Homer is an early learning app for children ages 2–6, with a library of 1,000+ lessons across reading, math, and social-emotional development. At the time of this project, the app had strong acquisition numbers but was losing ground on retention — kids were opening the app, but not coming back.
I was the sole product designer on this initiative, working directly with the VP of Product, two engineers, and the brand team. I owned the full design lifecycle: research, wireframes, prototypes, usability testing, design system, and final UI across iOS, Android, and web.
Hero overview showing the full product context.
I ran 14 moderated usability sessions with children ages 2–6 and their parents across in-home, daycare, and remote settings. The goal wasn't to validate — it was to understand what was actually happening before we touched anything.
Research artifacts from 14 usability sessions.
The content library had over 1,000 lessons. Kids couldn't find anything. We rebuilt content discovery from scratch — moving from a flat grid to a curated, character-led home screen.
Design explorations for objective 01.
Every navigation element relied on text labels that 60% of our users couldn't read. We rebuilt the nav system around iconography, character cues, and audio feedback.
Design explorations for objective 02.
The app felt static. We introduced motion, character reactions, and celebration moments — designing for joy, not addiction.
Design explorations for objective 03.
The final design centered on three core changes: a curated home screen driven by Homer's character cast, a fully icon-based navigation system that worked without text, and a motion design language that made the app feel alive.
Final shipped product screens.
We prototyped a recommendation engine, a learning path flow, and a parent dashboard in the first two weeks. All three got cut after testing. Killing them early saved roughly 3 sprints of engineering time.

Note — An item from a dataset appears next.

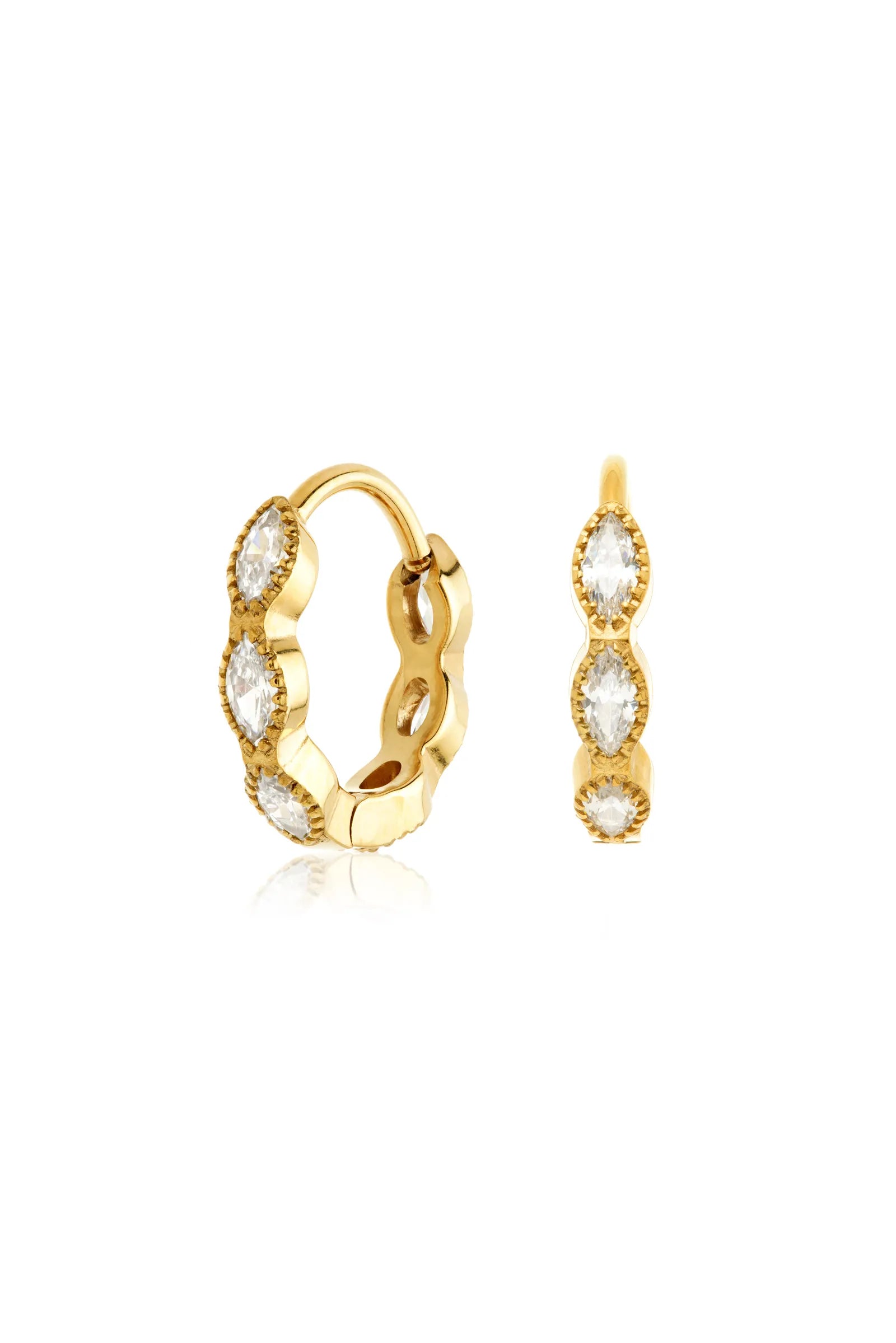 Designed with comfort in mind, these lightweight gold-finished titanium hoop earrings feature marquise-cut stones for a touch of sparkle. A subtle statement piece that pairs well with any stack or can be worn solo.

I built a component library of 40+ components across iOS, Android, and web — the first time Homer had a unified system across platforms. The system cut per-feature design and build time by roughly 30%.
Design system components and user flows.
Final shipped product.
I'd push for a longer research phase with more children under 3. I'd also involve engineering earlier in the design system work — I built it largely in isolation and some component specs needed significant revision before they could ship.
The decision to cut the recommendation engine. Every stakeholder wanted it. The data didn't support it. Holding that line — with research to back it up — was the right call and probably saved the project from scope creep.